--- START ---
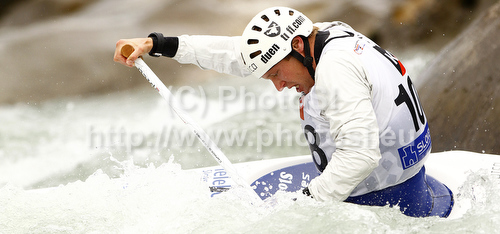 : Benjamin Savsek of Slovenia during International ICF slalom Tacen 2010 white water kayaking race. International ICF slalom Tacen 2010 white water kayak race was held on Saturday, 15th of May 2010 in Tacen, Slovenia.
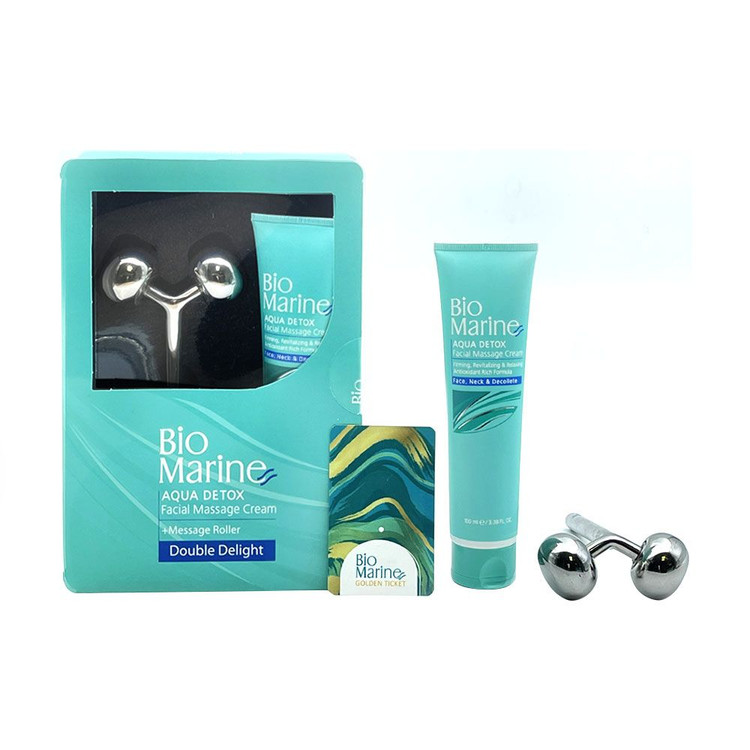 کیت کرم ماساژ صورت و گردن بایومارین ۱۰۰ میل همراه با رولر ماساژور
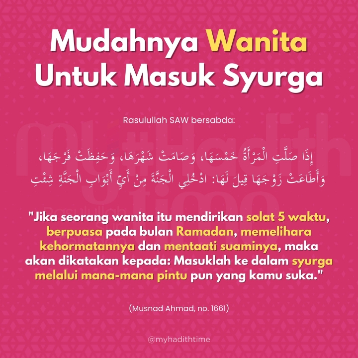 Diriwayatkan daripada Abu Hurairah R.A, bahawa Rasulullah SAW bersabda: Maksudnya: “Jika wanita mengerjakan solat lima waktu, berpuasa pada bulan Ramadhan, memelihara kemaluannya, mentaati suaminya, maka dikatakan kepadanya (pada hari Kiamat): ‘Masuklah ke dalam syurga dari pintu mana pun yang kamu mahu.”
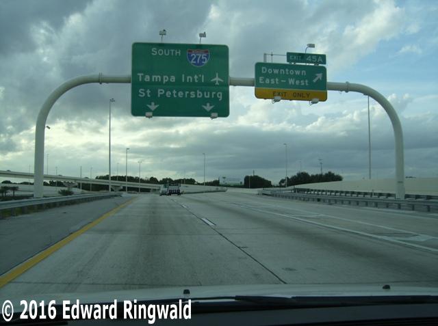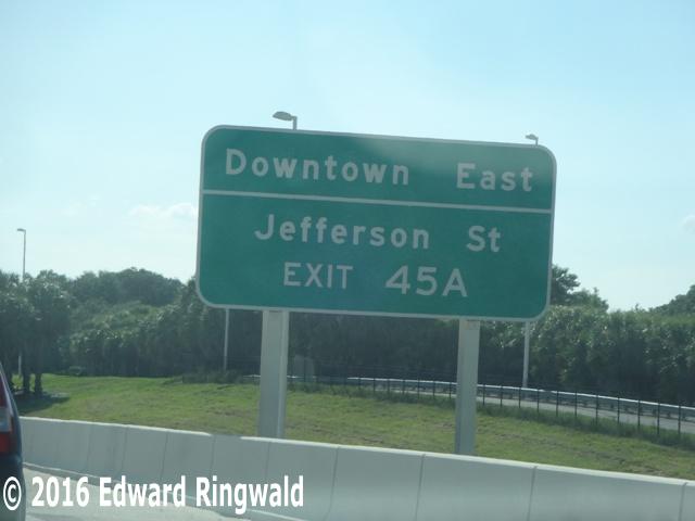 There are two entrance ramps onto northbound Interstate 275 at Exit 45A from Jefferson Street: One ramp enters northbound Interstate 275 in the left lane enabling motorists to remain on Interstate 275, while the other ramp enters Interstate 275 in the right lane providing access to eastbound Interstate 4. The two entrance ramps help cut down on the weaving movements once on Interstate 275 northbound from Jefferson Street, as it is a short distance between Jefferson Street and Interstate 4.
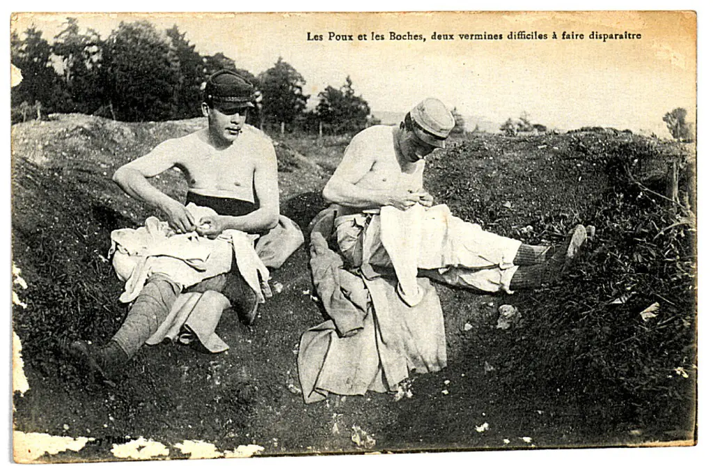 Ne pouvant se laver pendant des jours, parfois pendant des semaines, les hommes profitaient de leurs séjours à l’arrière du front, pendant les périodes de repos, pour se laver. Mais les installations étaient rudimentaires dans ces zones dévastées. Les soldats se contentaient souvent d’une toilette à l’eau froide dans les cours d’eau ou les fontaines. L’hygiène était bien souvent sacrifiée pendant l’hiver.
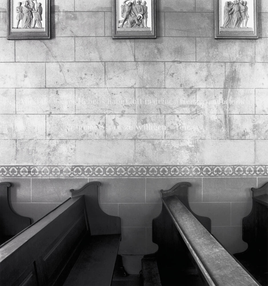 DescriptionImage of church pews and three framed images of Christ's crucifixion hanging above German text etched into wall.Copyright© David Plowden
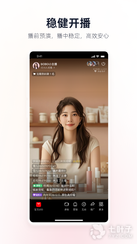 3、淘宝主播是款淘宝官方打造的淘宝直播主播端,专为淘宝上的主播而打造,功能丰富,支持连麦pk、拼团新玩法以及视频拍摄直播等等功能,现在小编为大家带来的是全新4.0.5版本,更多功能等你发现
--- END ---
Give back the records above exactly. Pictures stay out.

### EXERCISE ANSWER
 : Benjamin Savsek of Slovenia during International ICF slalom Tacen 2010 white water kayaking race. International ICF slalom Tacen 2010 white water kayak race was held on Saturday, 15th of May 2010 in Tacen, Slovenia.
 کیت کرم ماساژ صورت و گردن بایومارین ۱۰۰ میل همراه با رولر ماساژور
 Diriwayatkan daripada Abu Hurairah R.A, bahawa Rasulullah SAW bersabda: Maksudnya: “Jika wanita mengerjakan solat lima waktu, berpuasa pada bulan Ramadhan, memelihara kemaluannya, mentaati suaminya, maka dikatakan kepadanya (pada hari Kiamat): ‘Masuklah ke dalam syurga dari pintu mana pun yang kamu mahu.”
 There are two entrance ramps onto northbound Interstate 275 at Exit 45A from Jefferson Street: One ramp enters northbound Interstate 275 in the left lane enabling motorists to remain on Interstate 275, while the other ramp enters Interstate 275 in the right lane providing access to eastbound Interstate 4. The two entrance ramps help cut down on the weaving movements once on Interstate 275 northbound from Jefferson Street, as it is a short distance between Jefferson Street and Interstate 4.
 Ne pouvant se laver pendant des jours, parfois pendant des semaines, les hommes profitaient de leurs séjours à l’arrière du front, pendant les périodes de repos, pour se laver. Mais les installations étaient rudimentaires dans ces zones dévastées. Les soldats se contentaient souvent d’une toilette à l’eau froide dans les cours d’eau ou les fontaines. L’hygiène était bien souvent sacrifiée pendant l’hiver.
 DescriptionImage of church pews and three framed images of Christ's crucifixion hanging above German text etched into wall.Copyright© David Plowden
 3、淘宝主播是款淘宝官方打造的淘宝直播主播端,专为淘宝上的主播而打造,功能丰富,支持连麦pk、拼团新玩法以及视频拍摄直播等等功能,现在小编为大家带来的是全新4.0.5版本,更多功能等你发现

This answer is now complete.